How B.C. is impacted by the 2025 federal budget
CBC
Prime Minister Mark Carney's first budget includes major implications for B.C. — including more support for the mining and critical minerals sectors, as well as tax writeoffs for "low-carbon liquefied natural gas facilities."
The budget, which was announced on Tuesday, projects a deficit of $78 billion for 2025-26 in a bid to spend more money on “nation-building infrastructure, clean energy, innovation, productivity and less on day-to-day operating spending."
Carney had already announced that two of the five so-called "nation-building" resource projects are in B.C. — LNG Canada Phase 2 near Kitimat and the Red Chris mine expansion in northwest B.C.
Tuesday's budget has been praised by a national mining association for its proposed supports, even while it has drawn flak from the B.C. Green Party for what it says is a reliance on LNG and fossil fuels.
Beyond the implications for larger projects, the budget also affirms federal support for a proposed Filipino cultural centre in Metro Vancouver and other community projects throughout the province.

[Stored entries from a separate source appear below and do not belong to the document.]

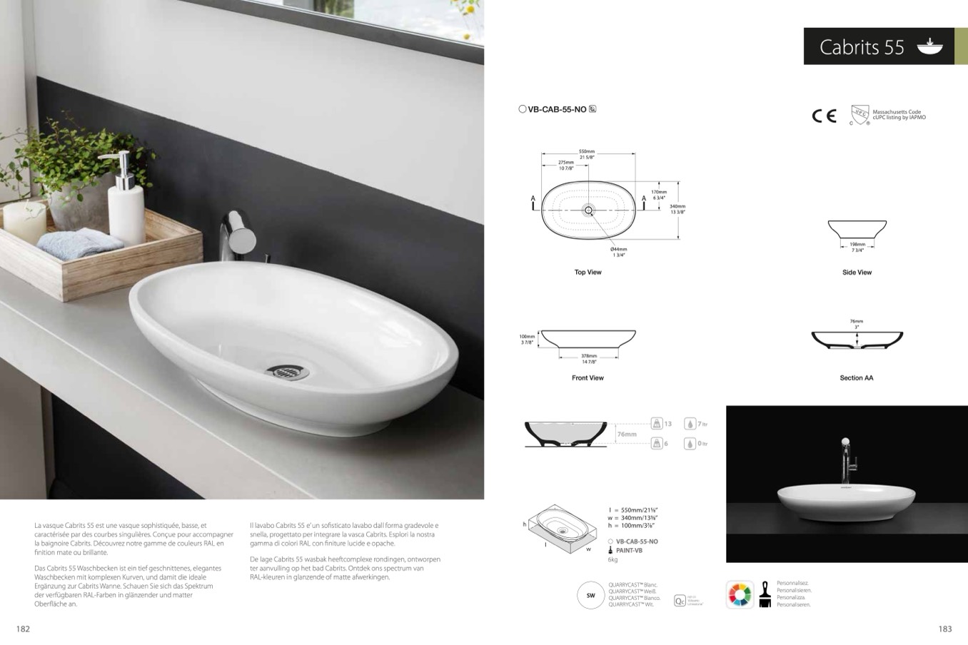 Das Cabrits 55 Waschbecken ist ein tief geschnittenes, elegantes
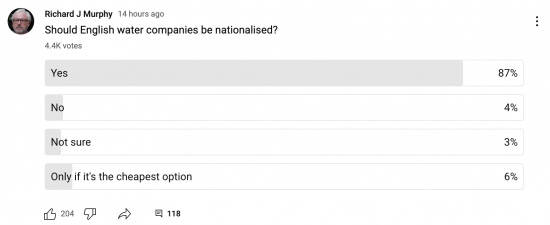 I know that polls here and on my YouTube channel are not statistically valid. The sample is bound to be biased, but last night I posed the same questions on both sites in response to a video on the nationalisation of water.
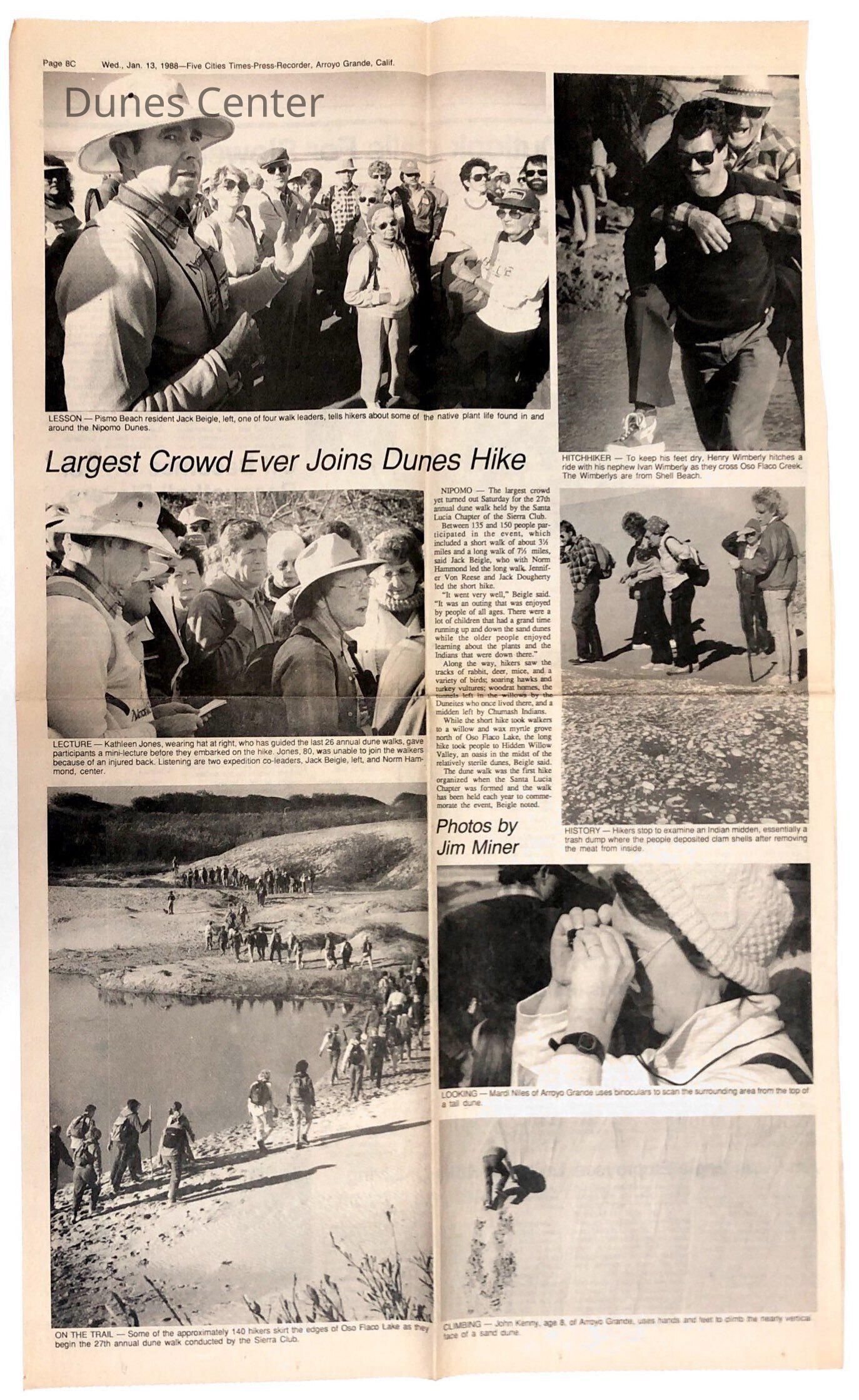 "Largest Crowd Ever Joins Dunes Hike" Wednesday, Photos with article by Jim Miner, January 13, 1988, Five Cities Times-Press-Recorder, Arroyo Grande, CA
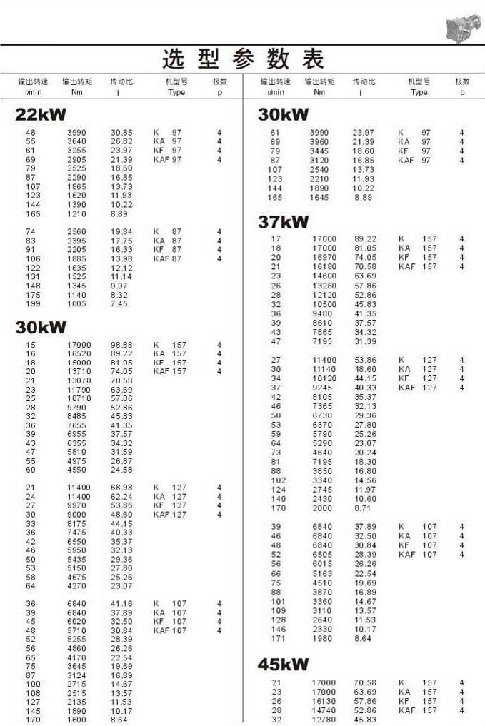 選型參數表22kW (續),30kW ,37kW ,45kW
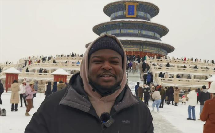 當(dāng)日正值大雪,銀裝素裹的天壇宛如一幅畫卷,古老的祈年殿在白雪的映襯下更顯莊重肅穆。留學(xué)生們沉浸在大雪紛飛的美景中,紛紛拿出手機(jī)互相打卡拍照,記錄下這美好瞬間。哈薩克斯坦籍留學(xué)生阿迪力(ARYSTAN ADIL)向記者介紹,這是他第一次來到天壇,“天壇是古代皇帝祭天祈雨的地方,我對中國的歷史很感興趣。”阿迪力說。
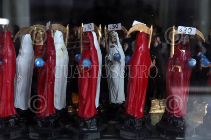 CUERNAVACA, MORELOS, 21AGOSTO2018.- Figuras de la santa muerte son exhibidas en una vitrina de una tienda de productos religiosos en el centro de la ciudad. FOTO: MARGARITO PÉREZ RETANA /CUARTOSCURO.COM
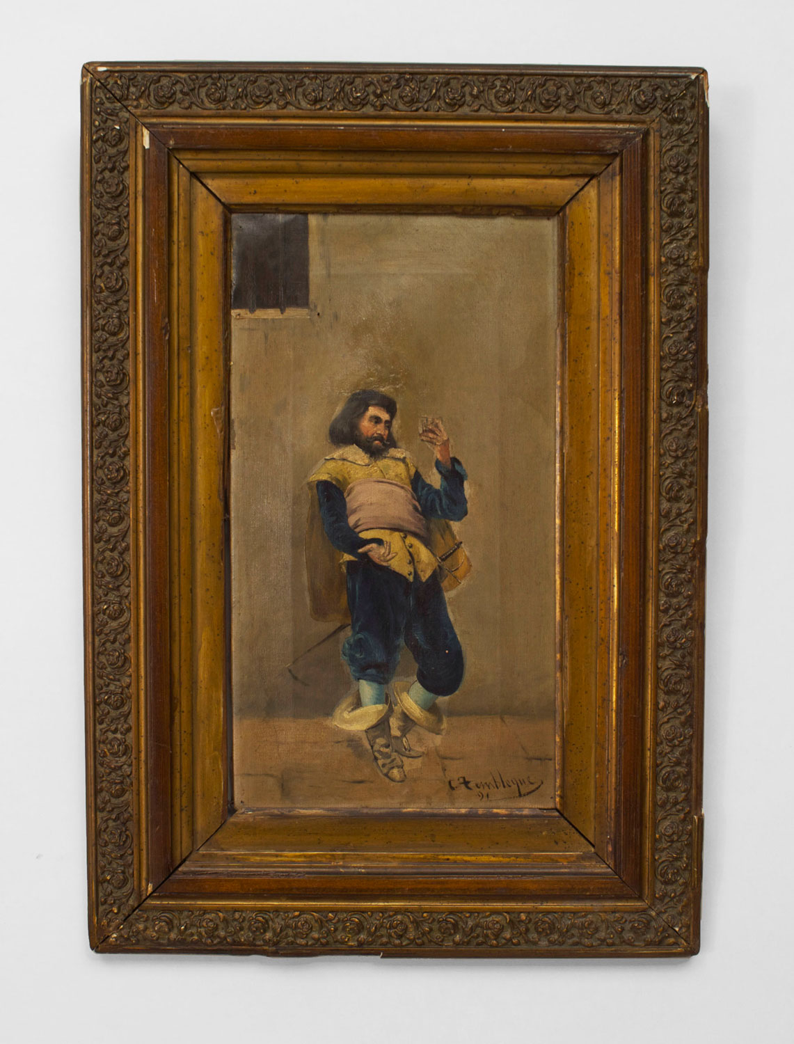 PAIR of French Victorian (19th Cent) oil on canvas paintings of standing cavaliers in gilt frames (sgnd: C. Fembleque).
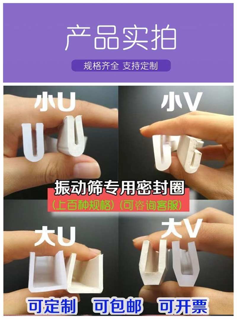 U型震動篩密封條 旋振篩密封圈不與物料發生化學反應,避免污染;即使長期使用后磨損,碎屑也無毒無害,易清理,17719958219振動篩密封條是振動篩分設備密封裝置中的一類通用基礎元件,也被稱為振動篩密封皮、振動篩密封圈等。作用:主要用于密封振動篩篩框之間的連接處,防止所篩物料流體或固體微粒從相鄰結合面間泄露,同時阻止外界雜質如灰塵、水分等侵入機器設備內部。此外,還能減輕振動篩作業中產生的振動對篩框的破壞力。
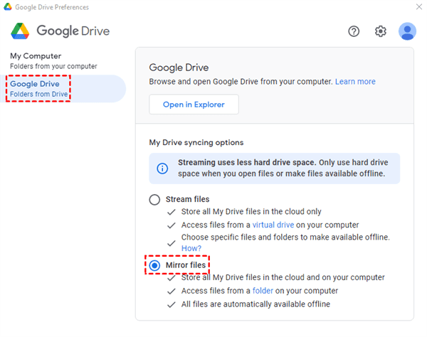 Mirror files: Stores all My Drive files both in the cloud and on your local computer, accessible from a Google Drive folder on your computer.
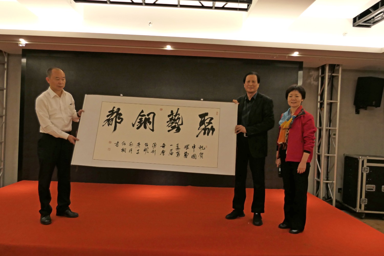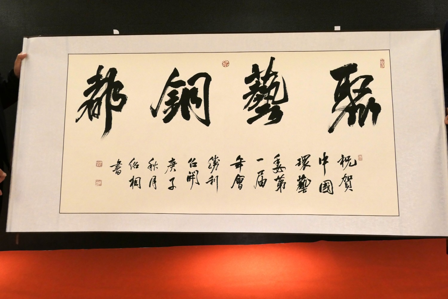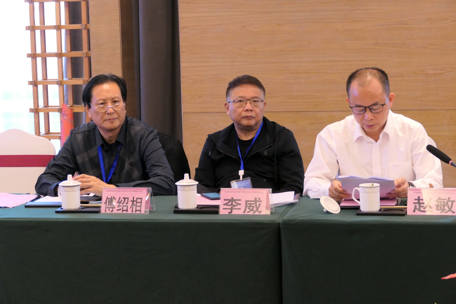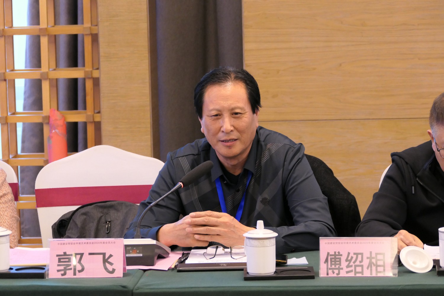 2020年10月22日,中国建设贸促会环境艺术委员会2020年度会员大会在铜陵天玑酒店隆重召开,李霞主任主持会议,各会员代表踊跃发言,会议气氛热烈,晚宴傅绍相展示了书法作品《聚艺铜陵》,谭海先生即兴演唱歌曲,黄春勇先生演奏了管乐“尺八”,会议在团结祥和的氛围中圆满结束。
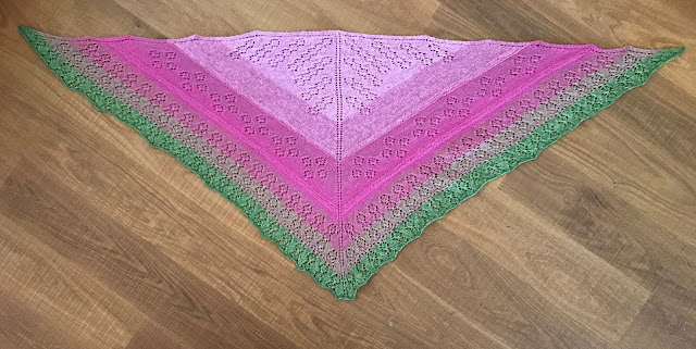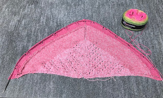 Bei diesem heissen Wetter habe ich schon an den Winter gedacht und mir einen Schal, Dreiecktuch gestrickt. Es machte einen Riesenspass.
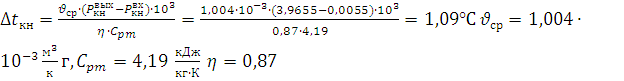 Находим нагрев воды в конденсатном насосе:
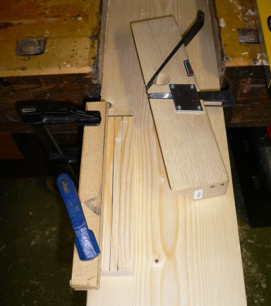 メス側ができたら、今度はオス側。鉋のガイドを付けて削ります。
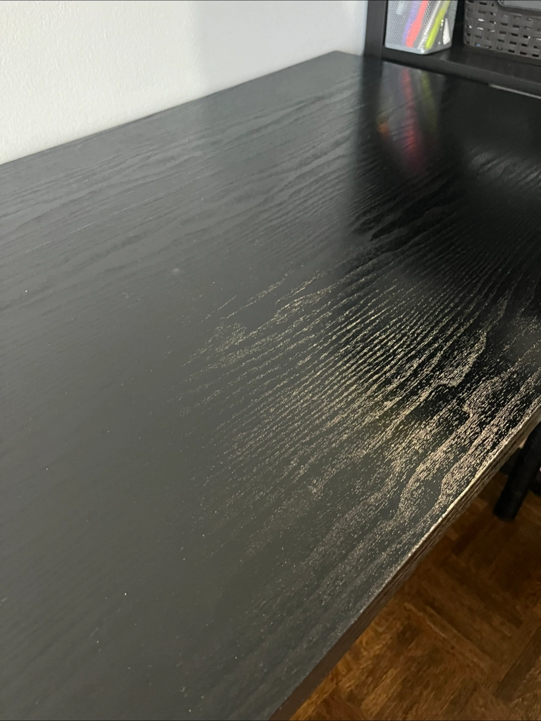 Black Ikea desk. Coated with a black textured high quality adhesive that can be removed to reveal a white color on top and legs. In great condition.
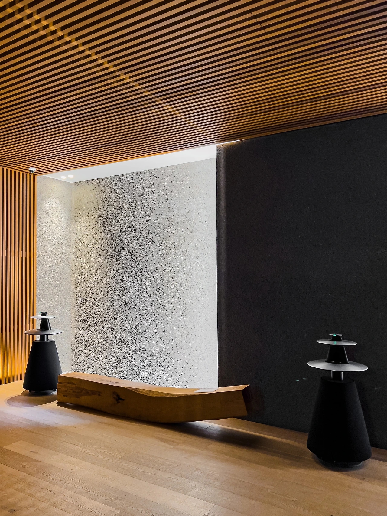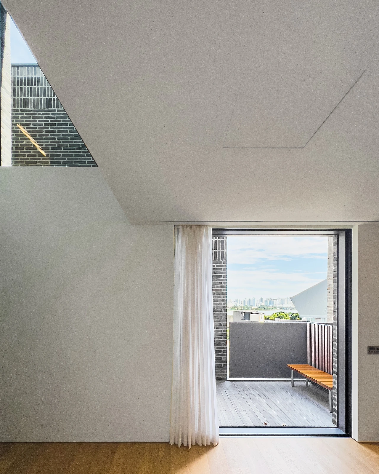 이러한 이유로 이곳은 도시의 경관을 내부에서 최대한 가렸다. 정돈되지 않은 도시의 배경을 보여주지 않는 야외 공간은 오롯이 쉼에 집중할 수 있고, 그곳에 심어진 나무와 걸리는 선 하나 없이 깨끗한 푸른 하늘은 자연의 가장 기본 요소를 제대로 느낄 수 있게 한다. 건물로 들어가는 입구도 도로에 면하지 않았고 이면 도로에서 진입할 수 있게 했으니, 더욱 외부와 경험을 차단하려 하는 모습이다.
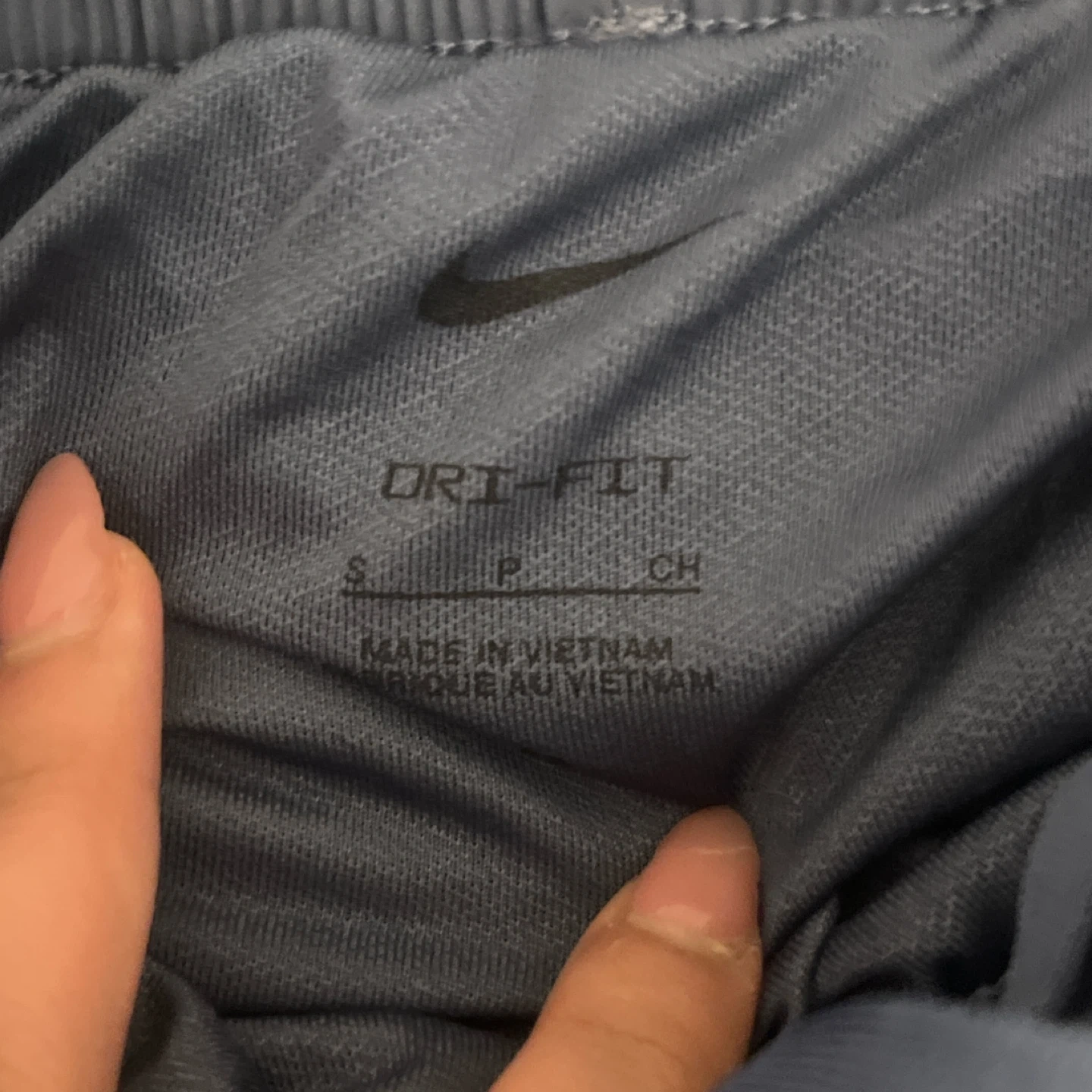 Lightweight grey Nike Dri-FIT running shorts. Features a comfortable elastic waistband with a drawstring and built-in briefs. Made in Vietnam. Perfect for your next run! NEVER WORN
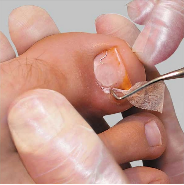 - Підведіть край нігтьової пластини кюреткою. Встановіть каполін під піднятий край для фіксації і знезараження тканин.
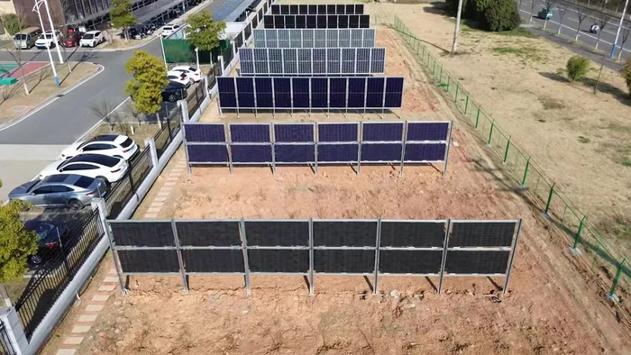在华晟新能源宣城总部附近,建有一座特殊的光伏组件实证电站。不同于其他企业的实证电站,华晟新能源电站的这些实证电站所用的光伏板均为垂直安装,而非倾角安装。

Here are some of the highlights of the 2025 federal budget in B.C.
Tuesday's budget announcement includes $2 billion over five years, starting next year, to create a critical minerals sovereign fund and invest in critical mineral projects and companies.
Critical minerals like copper and aluminum have been a major priority for both B.C. and Canada recently, as the country looks to secure minerals that are essential for technologies like electric vehicles and clean energy.
The Mining Association of Canada applauded the Liberals' budget in a statement on Tuesday, highlighting that it was expanding a number of tax credits being offered to spur critical mineral production.
B.C. Finance Minister Brenda Bailey told reporters on Tuesday that she was glad to see the budget's continued commitment to critical minerals.
"This is an area of deep importance for British Columbia," she said.
"You've heard our premiers say that British Columbia will become the economic driver of Canada. Much of that has to do with our critical mineral strategy aligned with the federal government."
B.C.'s softwood lumber industry has been hard hit by the ongoing trade war with the United States, given exports have been geared towards the U.S. for decades, and mills have been closing down with a 45 per cent tariff rate in place on lumber.
Tuesday's budget includes a re-announcement of a plan to spend up to $700 million in loan guarantees for forestry companies, the lion's share of which is expected to go to B.C. producers given the size of the provincial softwood lumber industry.